Cardiovascular System


  Hypertension is the most common cardiovascular manifestation of rheumatologic diseases, but it is rarely severe enough to warrant emergent treatment.


  Malignant hypertension associated with microangiopathic anemia and acute renal failure (ARF) occurs in a significant number of patients with scleroderma 2 to 3 years after the onset of skin manifestations.


  Acute left ventricular failure caused by myocarditis is common in patients with SLE.


  This diagnosis is often missed because of its coexistence with other organ dysfunction such as lupus nephritis and autoimmune hemolytic anemia.


  Cardiac arrhythmias may also occur as the result of myocarditis.


  Coronary arteritis may occur in some systemic vasculitides and produce angina or acute myocardial infarction (MI).


  This is particularly common in children with Kawasaki disease.
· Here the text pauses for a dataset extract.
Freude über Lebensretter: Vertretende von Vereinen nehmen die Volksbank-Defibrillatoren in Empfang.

  In young adults, coronary arteries may be affected in polyarteritis nodosa or SLE.


  MI can occur in the absence of arteritis in the antiphosholipid syndrome.


  Women between 35 and 44 years of age with SLE are 50 times more likely to develop MI than age-matched controls, likely due to premature atherosclerosis in damaged coronary arteries, the use of steroids, and premature menopause.
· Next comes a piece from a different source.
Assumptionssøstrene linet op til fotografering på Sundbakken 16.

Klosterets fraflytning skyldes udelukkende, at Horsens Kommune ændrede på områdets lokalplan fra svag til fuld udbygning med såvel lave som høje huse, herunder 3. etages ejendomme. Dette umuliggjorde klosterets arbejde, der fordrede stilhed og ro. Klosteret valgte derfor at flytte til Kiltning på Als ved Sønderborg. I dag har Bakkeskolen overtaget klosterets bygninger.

  Pericarditis is seen in 23% of patients with SLE but cardiac tamponade is uncommon.


  SLE also may cause mitral valve regurgitation and Libman–Sacks endocarditis, both of which can be life threatening.


  Aortic root dilatation with aneurysm formation with or without aortic regurgitation occurs only in advanced stages of ankylosing spondylitis, Reiter’s syndrome, and RA.


  The aorta is also the predominant site of involvement in aortoarteritis (Takayasu’s disease) and this may affect the proximal branches (i.e., carotid, subclavian).


  Hypertension may be present in more than 50% of patients and may be missed if the blood pressure is recorded in the upper limbs.


  Cerebrovascular insufficiency is common and may result in retinopathy or stroke.


Renal System


  10% to 35% of patients with systemic AD admitted to ICU have abnormal renal function.


  Common causes are RA, lupus nephritis, and necrotizing vasculitis.


  ARF and rapidly progressive renal failure are the most common manifestations, although occasionally patients may present with simple hematuria.


  Mechanisms for renal failure in these patients include renal artery occlusion (aortoarteritis), microangiopathy (scleroderma, RA with vasculitis, Sjogren’s), acute glomerulonephritis (SLE), crescentic glomerulonephritis (polyarteritis nodosa, Wegener’s granulomatosis, SLE, and Goodpasture’s), and rarely tubulointerstitial nephritis (SLE, Sjogren’s).


  Scleroderma renal crisis occurs in 15% of patients with systemic sclerosis.


  It is a medical emergency and presents with an abrupt onset of hypertension and ARF.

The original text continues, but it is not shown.